Action Item 5 in the NRC staff's SE for MRP-227-A states that the licensee should identify a plant-specific acceptance criterion to be applied while performing the physical measurement of loss of compressibility for hold-down springs. The hold-down spring at RNP was fabricated with 304 austenitic stainless steel material that is susceptible to loss of preload due to irradiated assisted creep/stress relaxation.

The NRC staff noted that some of the owners of Westinghouse-designed reactors have replaced 304 stainless steel hold-down springs with 403 stainless steel material that is more resistant to creep/stress relaxation than 304 stainless steel material. In this context, by letter dated May 29, 2013 (Reference 18), in RAI 2-3, the staff requested that the licensee address its plans to replace the hold-down spring with 403 stainless steel material.

Licensee's Evaluation By letter dated July 25, 2013 (Reference 3), in response to the NRC staff's RAI 2-3, the licensee stated that it would replace the existing 304 stainless steel hold-down spring with a 403 stainless steel spring. The licensee further stated that the rate of stress relaxation in 403 stainless steel material is lower than 304 stainless steel material even when exposed to

a neutron fluence that exceeds the threshold limit for irradiated assisted creep/stress relaxation. Therefore, the licensee concluded that the replacement of the hold-down spring with 403 stainless steel material provides reasonable assurance that the AMP for this item is adequately managed during the PEO. By letter dated February 18, 2016 (Reference 9), in response to the staff's RAI 6 (Reference 30), the licensee stated that it replaced the 304 stainless steel hold-down spring with 403 stainless steel material in spring 2015 refueling outage 29. The guidelines in MRP-227-A states that the replacement should occur within the three cycles of the beginning of the PEO, and the licensee complied with this criterion. Furthermore, the licensee stated that the replacement schedule did not adversely impact the integrity of the core support structure because it occurred in accordance with the schedule requirements of MRP-227-A.

NRC Staff Evaluation

The NRC staff reviewed the response and concludes that replacement of the 304 hold-down spring with 403 stainless steel alleviates the loss of preload due to irradiated assisted creep/stress relaxation. This is due to the fact that stiffness value of 403 stainless steel material is higher than that of 304 stainless steel material. Since the replacement of the hold-down spring occurred within the three cycles of the beginning of the PEO, the staff concludes the licensee complied with the guidelines of MRP-227-A.

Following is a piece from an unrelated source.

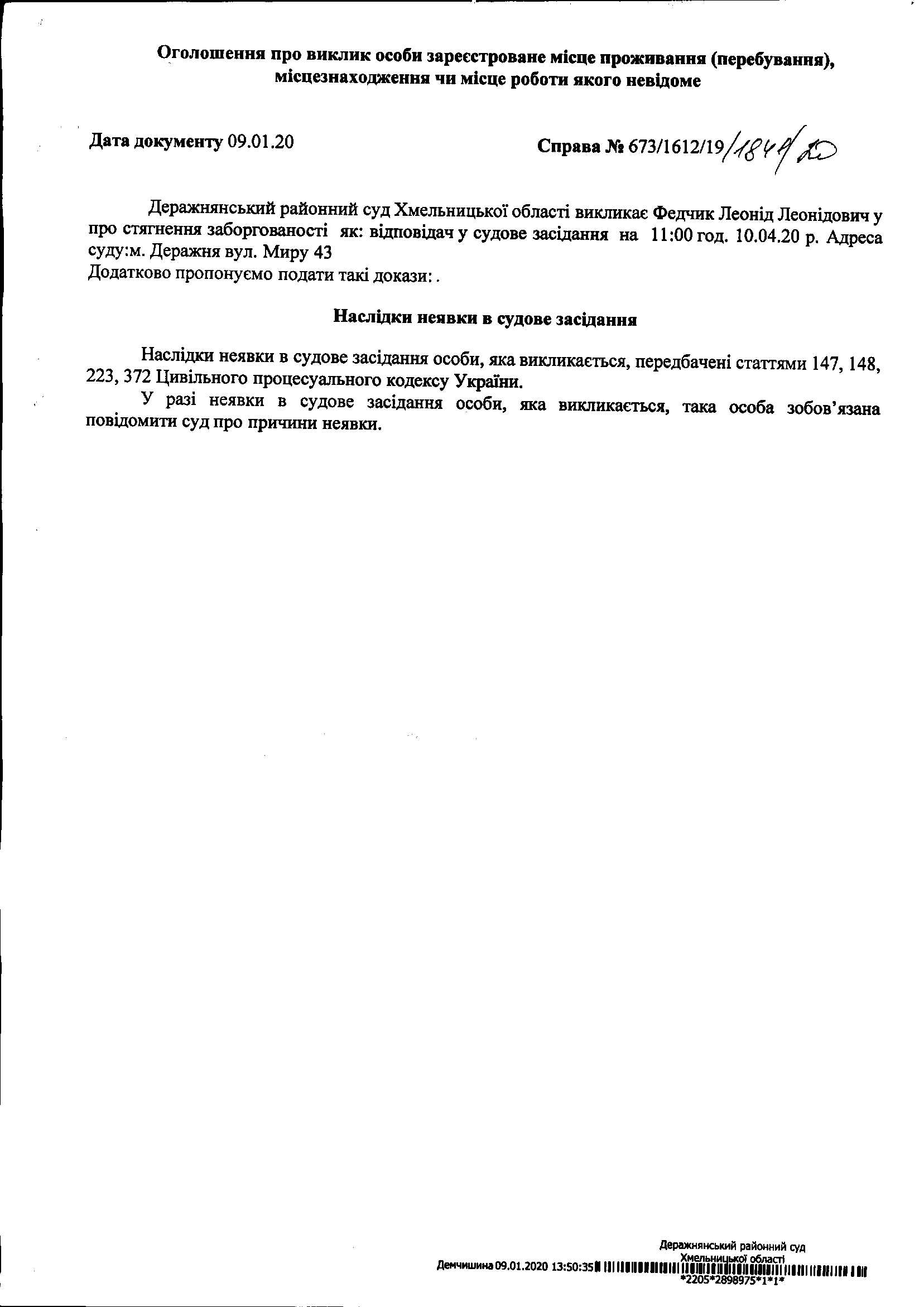 Викликається до суду Федчика Леоніда Леонідовича
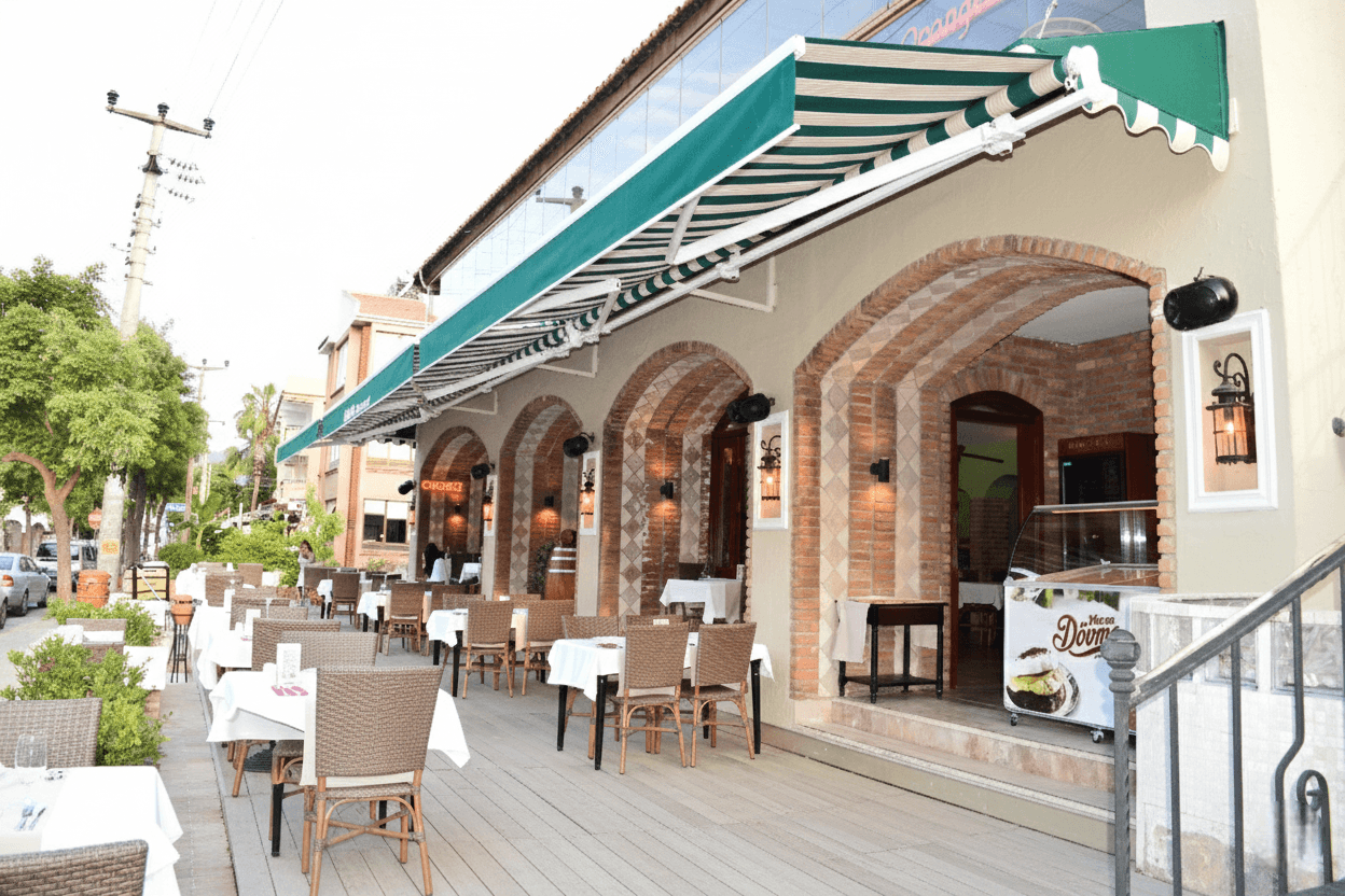 Selçuk Tente kalitesiyle hayata geçirilen bu projede, Marmaris’in parlayan güneşi ve ani yaz yağmurları dikkate alınarak şu teknik standartlar uygulanmıştır:

Based on the licensee's response, the staff considers that the licensee addressed Action Item 5 satisfactorily.

3.4.6 Evaluation of the Licensee's Resolution of Action Item 7 Action Item 7 was discussed in Section 3.3.7 of the NRC staff's SE for the MRP-227-A, and it specifies that the licensees of Westinghouse reactors develop plant-specific analyses to be applied for their facilities to demonstrate that CASS lower support columns (LSCs) will maintain their function during the PEO. These components are subject to irradiation embrittlement (IE) and thermal embrittlement (TE). CASS materials with delta ferrite greater than 20 percent would be susceptible to loss of fracture toughness due to TE. CASS materials that are exposed to neutron fluence value greater than 1x10 17 n/cm 2 (E>1 MeV) are susceptible to IE.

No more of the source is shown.